J. Comas et al. / Knowledge discovery by means of inductive methods in wastewater treatment plant data
6. Conclusions We have applied five different machine learning and statistical algorithms to the task of classifying descriptions of the daily operation of a Wastewater Treatment Plant into 20 different classes. The classes had previously been obtained by clustering. We compared the five approaches in terms of predictive accuracy and in terms of understandability of the induced rules/patterns. Best prediction accuracies are obtained with k-NN algorithm, however this algorithm enables to discover no knowledge pattern and enlarges the retrieval time. On the other hand, CN2, C4.5 and Opencase give quite good accuracies, and understandability increases significantly, leading to a set of decision rules that can be added to the knowledge base of an expert system to improve the WWTP management.
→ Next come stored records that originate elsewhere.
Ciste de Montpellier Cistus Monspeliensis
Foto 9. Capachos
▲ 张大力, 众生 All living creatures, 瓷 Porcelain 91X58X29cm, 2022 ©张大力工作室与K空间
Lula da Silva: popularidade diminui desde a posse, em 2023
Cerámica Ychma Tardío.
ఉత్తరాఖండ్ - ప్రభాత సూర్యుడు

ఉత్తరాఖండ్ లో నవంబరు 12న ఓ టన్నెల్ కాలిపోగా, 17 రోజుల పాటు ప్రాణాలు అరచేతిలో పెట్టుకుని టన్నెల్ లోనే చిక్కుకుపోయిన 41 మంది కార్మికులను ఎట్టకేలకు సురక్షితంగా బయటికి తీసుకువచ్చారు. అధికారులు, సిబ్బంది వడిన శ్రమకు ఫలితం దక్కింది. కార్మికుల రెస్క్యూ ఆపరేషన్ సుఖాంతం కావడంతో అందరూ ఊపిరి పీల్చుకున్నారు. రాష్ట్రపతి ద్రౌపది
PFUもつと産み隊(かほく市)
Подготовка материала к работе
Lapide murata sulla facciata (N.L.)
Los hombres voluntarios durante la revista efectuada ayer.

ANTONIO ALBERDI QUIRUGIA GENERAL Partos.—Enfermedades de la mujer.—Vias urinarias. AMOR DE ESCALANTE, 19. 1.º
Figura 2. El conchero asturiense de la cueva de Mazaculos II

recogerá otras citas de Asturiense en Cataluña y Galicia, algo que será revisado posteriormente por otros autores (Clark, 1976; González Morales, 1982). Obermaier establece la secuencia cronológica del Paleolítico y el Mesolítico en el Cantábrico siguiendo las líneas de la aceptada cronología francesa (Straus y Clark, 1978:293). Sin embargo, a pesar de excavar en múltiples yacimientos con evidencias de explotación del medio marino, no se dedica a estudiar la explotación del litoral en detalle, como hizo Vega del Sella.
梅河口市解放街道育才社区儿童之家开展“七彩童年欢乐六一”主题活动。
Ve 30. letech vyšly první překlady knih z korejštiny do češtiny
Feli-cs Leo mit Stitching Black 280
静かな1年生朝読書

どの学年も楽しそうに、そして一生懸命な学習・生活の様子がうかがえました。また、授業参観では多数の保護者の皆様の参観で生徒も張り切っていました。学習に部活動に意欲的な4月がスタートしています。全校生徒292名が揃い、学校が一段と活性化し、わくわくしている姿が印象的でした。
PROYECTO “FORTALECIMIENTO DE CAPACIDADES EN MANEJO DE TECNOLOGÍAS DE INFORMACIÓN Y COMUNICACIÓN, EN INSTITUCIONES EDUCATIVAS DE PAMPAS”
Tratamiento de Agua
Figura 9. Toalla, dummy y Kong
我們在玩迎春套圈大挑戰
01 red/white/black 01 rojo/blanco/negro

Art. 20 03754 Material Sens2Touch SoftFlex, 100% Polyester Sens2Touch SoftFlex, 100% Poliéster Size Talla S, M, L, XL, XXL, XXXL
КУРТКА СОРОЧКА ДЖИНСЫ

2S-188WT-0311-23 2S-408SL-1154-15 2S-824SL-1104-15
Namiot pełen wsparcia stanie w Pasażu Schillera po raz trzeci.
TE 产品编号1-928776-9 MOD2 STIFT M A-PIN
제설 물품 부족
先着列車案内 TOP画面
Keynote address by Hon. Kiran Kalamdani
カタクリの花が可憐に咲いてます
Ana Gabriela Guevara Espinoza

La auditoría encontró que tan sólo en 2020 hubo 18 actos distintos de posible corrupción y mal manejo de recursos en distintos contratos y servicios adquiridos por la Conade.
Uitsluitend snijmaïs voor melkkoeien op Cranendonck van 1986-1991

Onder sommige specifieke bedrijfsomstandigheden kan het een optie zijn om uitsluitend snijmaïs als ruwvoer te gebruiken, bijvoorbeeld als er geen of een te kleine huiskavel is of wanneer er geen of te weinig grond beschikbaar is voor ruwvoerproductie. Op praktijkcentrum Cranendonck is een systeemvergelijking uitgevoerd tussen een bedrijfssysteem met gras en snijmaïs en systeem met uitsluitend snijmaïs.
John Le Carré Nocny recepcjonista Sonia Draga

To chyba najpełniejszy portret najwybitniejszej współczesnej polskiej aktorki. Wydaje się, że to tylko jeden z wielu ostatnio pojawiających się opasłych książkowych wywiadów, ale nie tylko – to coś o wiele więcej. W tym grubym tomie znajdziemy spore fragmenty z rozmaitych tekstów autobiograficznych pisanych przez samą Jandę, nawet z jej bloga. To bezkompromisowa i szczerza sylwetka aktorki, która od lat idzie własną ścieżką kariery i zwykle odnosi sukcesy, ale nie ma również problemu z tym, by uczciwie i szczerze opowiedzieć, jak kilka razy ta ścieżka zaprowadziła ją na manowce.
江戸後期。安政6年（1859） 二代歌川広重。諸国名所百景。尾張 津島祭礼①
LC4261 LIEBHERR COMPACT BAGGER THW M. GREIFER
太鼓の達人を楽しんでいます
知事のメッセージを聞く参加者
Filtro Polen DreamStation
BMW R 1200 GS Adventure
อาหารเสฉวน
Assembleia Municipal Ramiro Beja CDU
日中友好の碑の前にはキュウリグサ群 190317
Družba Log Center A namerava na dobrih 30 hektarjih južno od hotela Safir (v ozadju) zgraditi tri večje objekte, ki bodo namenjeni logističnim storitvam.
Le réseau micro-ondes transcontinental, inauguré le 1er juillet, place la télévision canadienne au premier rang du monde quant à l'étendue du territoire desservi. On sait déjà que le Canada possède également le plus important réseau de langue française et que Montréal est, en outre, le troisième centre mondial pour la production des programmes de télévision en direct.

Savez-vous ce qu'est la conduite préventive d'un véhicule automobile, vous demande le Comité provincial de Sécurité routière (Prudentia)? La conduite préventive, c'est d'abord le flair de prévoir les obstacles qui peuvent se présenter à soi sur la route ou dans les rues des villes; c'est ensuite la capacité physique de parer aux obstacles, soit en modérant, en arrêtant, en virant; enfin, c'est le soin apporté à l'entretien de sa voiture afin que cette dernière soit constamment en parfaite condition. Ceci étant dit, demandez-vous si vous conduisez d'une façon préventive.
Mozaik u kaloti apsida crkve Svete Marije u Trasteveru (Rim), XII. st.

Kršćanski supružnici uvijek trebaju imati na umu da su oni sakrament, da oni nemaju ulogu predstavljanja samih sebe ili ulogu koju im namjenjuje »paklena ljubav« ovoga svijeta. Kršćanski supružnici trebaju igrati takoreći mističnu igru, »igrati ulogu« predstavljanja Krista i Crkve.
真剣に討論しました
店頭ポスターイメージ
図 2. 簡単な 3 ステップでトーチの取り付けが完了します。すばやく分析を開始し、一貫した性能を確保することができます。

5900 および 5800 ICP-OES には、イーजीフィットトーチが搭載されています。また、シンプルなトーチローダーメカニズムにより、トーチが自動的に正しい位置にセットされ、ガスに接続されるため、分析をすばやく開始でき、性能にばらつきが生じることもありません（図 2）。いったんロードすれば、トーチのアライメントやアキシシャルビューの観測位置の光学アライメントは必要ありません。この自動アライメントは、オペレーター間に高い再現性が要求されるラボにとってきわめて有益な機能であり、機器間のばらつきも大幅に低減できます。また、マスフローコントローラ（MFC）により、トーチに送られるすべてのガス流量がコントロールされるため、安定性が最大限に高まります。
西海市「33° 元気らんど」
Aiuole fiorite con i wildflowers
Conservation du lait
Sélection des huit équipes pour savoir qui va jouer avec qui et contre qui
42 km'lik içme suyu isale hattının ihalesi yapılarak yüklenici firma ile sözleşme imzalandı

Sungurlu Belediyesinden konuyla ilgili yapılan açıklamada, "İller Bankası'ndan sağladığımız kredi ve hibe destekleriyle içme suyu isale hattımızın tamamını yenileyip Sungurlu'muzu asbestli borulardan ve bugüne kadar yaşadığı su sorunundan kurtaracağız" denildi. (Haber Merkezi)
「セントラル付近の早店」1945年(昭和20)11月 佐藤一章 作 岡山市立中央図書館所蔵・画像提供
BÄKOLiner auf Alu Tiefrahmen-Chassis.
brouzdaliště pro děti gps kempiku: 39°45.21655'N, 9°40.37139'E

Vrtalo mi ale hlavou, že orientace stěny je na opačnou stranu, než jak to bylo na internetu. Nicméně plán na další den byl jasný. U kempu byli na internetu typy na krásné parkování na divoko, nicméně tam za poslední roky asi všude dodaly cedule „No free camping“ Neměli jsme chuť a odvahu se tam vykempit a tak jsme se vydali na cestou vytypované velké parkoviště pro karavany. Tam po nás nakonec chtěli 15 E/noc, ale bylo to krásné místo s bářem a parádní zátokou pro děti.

Moreover, in the experiments we have done, the inductive learning process has been enhanced with the experts’ assistance role. Most of the inductive learning algorithms and techniques do not take into account the experts’ knowledge very much. And this is not a good situation for extracting useful knowledge patterns from data (induced rules, induced decision trees, etc.). Obviously, the predictive accuracy of the inductive methods is a very important parameter, as well as other quantitative measures of performance such as the size both of the number of examples used and the number of attributes used for the inductive generalisation. If the knowledge extracted from data is very accurate but it does not make sense to the final end-users, probably, it will not be used. In conclusion, we can state that the experts, who are supposed to be the final end-users of real-world applications, should be taken into account in the inductive machine learning methods as much as possible. As a result of the experiments, it seems that there are some methods very good in predictive tasks, and others in knowledge discovery tasks. Therefore, the integration of several kind of methods could be an interesting approach to make more reliable decision support systems.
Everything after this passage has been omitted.